On the other hand, where the intentional act has resulted in intended injury, even where the injury inflicted is different or more severe than intended, coverage has been denied. [Terito v. McAndrew,246 So. 2d 235 (La. App. 1971); Mac Donald v. United Pacific Insurance Company,311 Pac. 2d 425 (Oregon, 1951); Stout v. Grain Dealers Mutual Insuance Company,307 F. 2d 521 (4 Cir. 1962).]
Some decisions turn on the question of whether the actor intended both the act performed and the exact consequence which followed and under this view if the exact injury which resulted could be said not to have been the one intended, then insurance coverage was upheld.
The more recent cases and, we perceive, the better reasoned cases hold that if the performance of an intentional act causes an injury which may be said to be the natural and probable consequence of such an act, then the injury itself was intentional, even though it was not the injury intended.

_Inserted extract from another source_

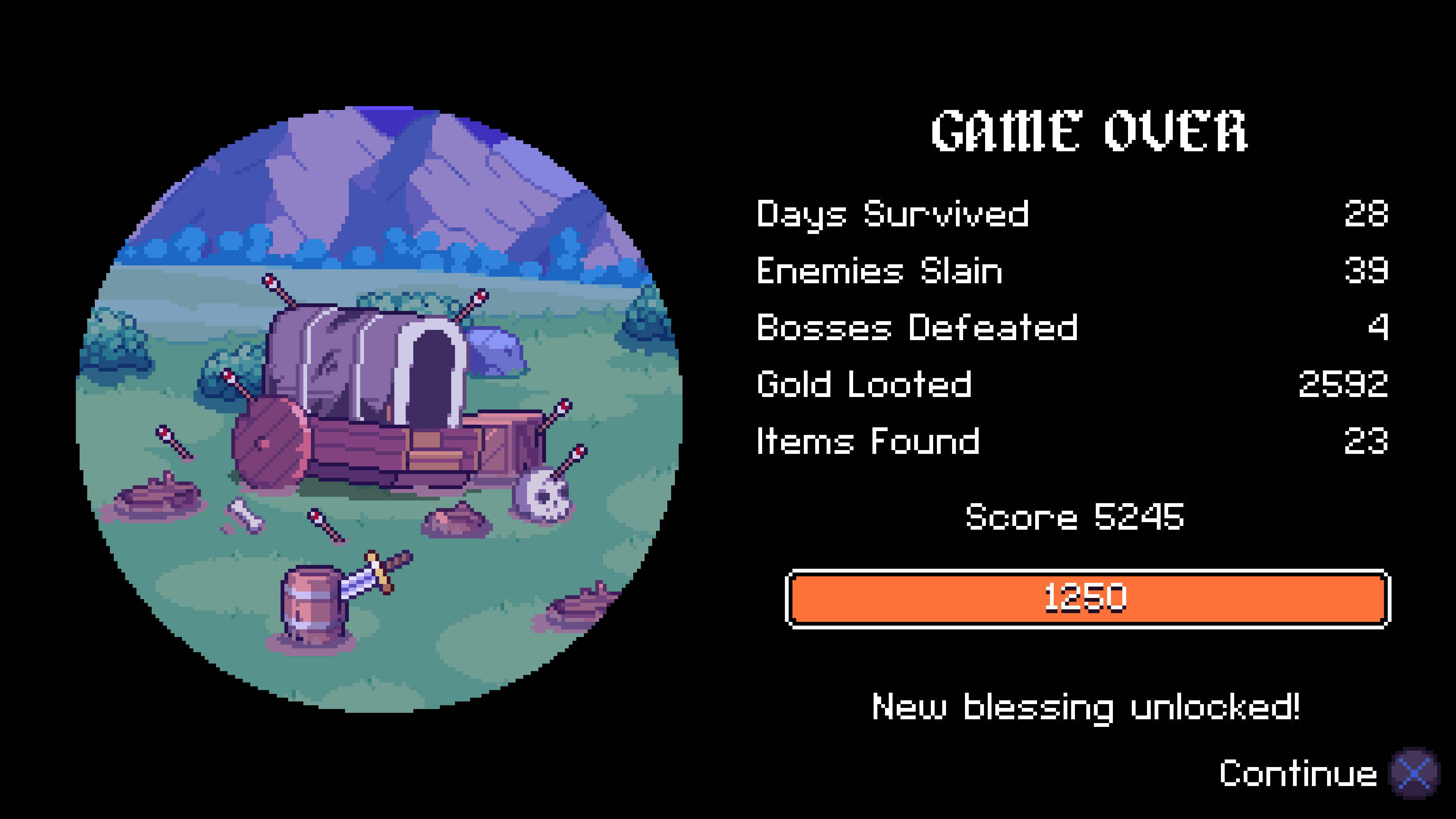 The aim of the game is to get as far as possible without dying. If you do die along the way, your final score will let you unlock new resources to use in the next run. Unfortunately, your XP, weapons and inventory are reset on each run. Each stage has 15 days, culminating in a final boss before you can access the next area (there are a total of 3 areas).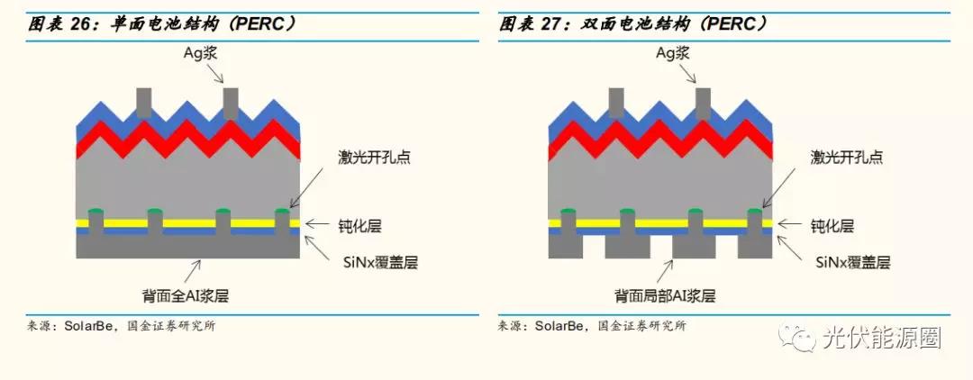電池背面效率略低于正面,背面透光導(dǎo)致正面效率略降:由于激光開孔點(diǎn)仍然需要柵格來疏導(dǎo)光生電流,故電池背面大部分區(qū)域仍覆蓋了Al/Ag 漿,且鋁柵格導(dǎo)電性不如銀柵格,故鋁柵線較寬,背面覆蓋率高達(dá) 30%~40% , 因 此 背 面 可 吸 收 光 線 的 區(qū) 域 有 限 , 轉(zhuǎn) 化 效 率

Turning to the case at bar, we are not confronted with reconciling an intentional act with an unintended result, as in the case of Smith v. Moran, supra. The correlation between the injury here and the act of firing a pistol at point-blank range is so clear that no uncertainty can be entertained in that respect. The more searching issue centers on whether the initial act itself was intentional. Did James Arrowood intend to fire the pistol? If so, it is beyond any real dispute that the injury to Sandra was intentional.
We accept as valid appellant’s argument that an express acknowledgement of intent from James is not required and that view is supported by the dictum of some decisions. Allstate Insurance Company v. Hisely,
Thus, it becomes a matter of weighing all the facts and circumstances bearing on the incident in its entirety. Great American Insurance Company v. Ratliff,
Of course, there are circumstances pointing in the other direction. We are mindful of James Arrowood’s testimony that he did not intend to hurt or kill Sandra and appellees argue that there is no evidence that James intended to kill Sandra. As to the latter point, it is of no significance that James may not have intended to kill Sandra, the issue is whether he intended to wound or injure her and the circumstances validating that conclusion have already been listed. Besides, James Arrowood’s testimony is that he has no recollection of any part of the events of the shooting, so how can he say what his intention was at that exact moment if his memory is so lacking?
Of greater counter effect is the testimony of Sandra that James appeared startled and immediately said he was sorry and had not meant to do it. However, the inference to be drawn from these circumstances must yield to the inference to be drawn from those to the contrary and our own view is that the fact itself speaks more loudly than the professed regret. Perhaps James did immediately regret what had occurred, but that cannot erase what so plainly must have been intended at the moment of occurrence. It is pointless for us to try to explain irrational behavior in rational terms.
Without devoting further expression to this issue, it is enough to say that given two opposing interpretations, one accidental, the other intentional, we believe the evidence points convincingly and unerringly away from accidental and towards intentional, so much so, in fact, that the court’s ruling to the contrary we regard as clearly against the evidence.
The decision reached on the first assignment of error renders the second assignment moot.
The case is reversed and remanded with instructions to enter a judgment consistent with this opinion.